Convalescent plasma disappoints in Chinese trial
Infusions of antibody-rich blood plasma from people who have recovered
from the coronavirus, so-called convalescent plasma, failed to make a
difference in a study of hospitalized patients in China, researchers
reported on Wednesday in the Journal of the American Medical
Association. In a randomized trial involving 103 COVID-19 patients,
convalescent plasma made no difference in the time it took to show signs
of improvement or in rates of death at 28 days versus a placebo.
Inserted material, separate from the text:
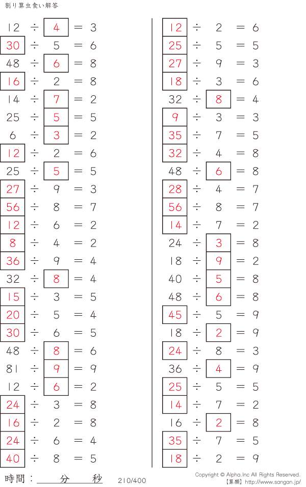 上記のボタンから「虫食い・割り算・あまりなし」の算数数学ドリル・計算ドリル(PDFプリント)がダウンロードできます。個人利用は無料です(家庭以外での配布は有料です)。

There
were some potentially encouraging results among patients who were
"severely ill" but not sick enough to be in the intensive care unit.
They recovered roughly five days faster if they got the plasma
treatment, and more of them improved within 28 days of starting
treatment. The study was somewhat hampered as researchers were not able
to enroll as many patients as they had hoped because the epidemic
started to come under control in their region, and it was stopped early.
Had they been able to enroll as many patients as originally planned, the
results might have been different.
Hydroxychloroquine fails to protect against infection in key trial
The malaria drug promoted by U.S. President Donald Trump as a treatment
for COVID-19 failed to prevent infection in people exposed to the
coronavirus, according to data from a large trial released on Wednesday
by University of Minnesota researchers. Overall, 821 people who had
recently been exposed to the virus or lived in a high-risk household
received either hydroxychloroquine or placebo. There was no significant
difference in the rate at which participants developed COVID-19. "Our
data is pretty clear that for post exposure, this does not really work,"
lead researcher Dr. David Boulware told Reuters.
More than 20% of the patients in the trial also took zinc, which had no
significant effect. Several trials of hydroxychloroquine have been
stopped over concerns about its safety for treating COVID-19 patients,
but the new trial found no serious side effects or heart problems with
hydroxychloroquine. "I think both sides - one side who is saying 'This
is a dangerous drug' and the other side that says 'this works' - neither
is correct," said Boulware.
Timing, location of sample may impact coronavirus test results
How well nasal swab tests can identify coronavirus infection depends on
how soon they are done after symptoms begin, infectious disease experts
advised in a paper titled, "Five Things to Know About Coronavirus
Diagnosis Tests" published on Wednesday in the CMAJ medical journal.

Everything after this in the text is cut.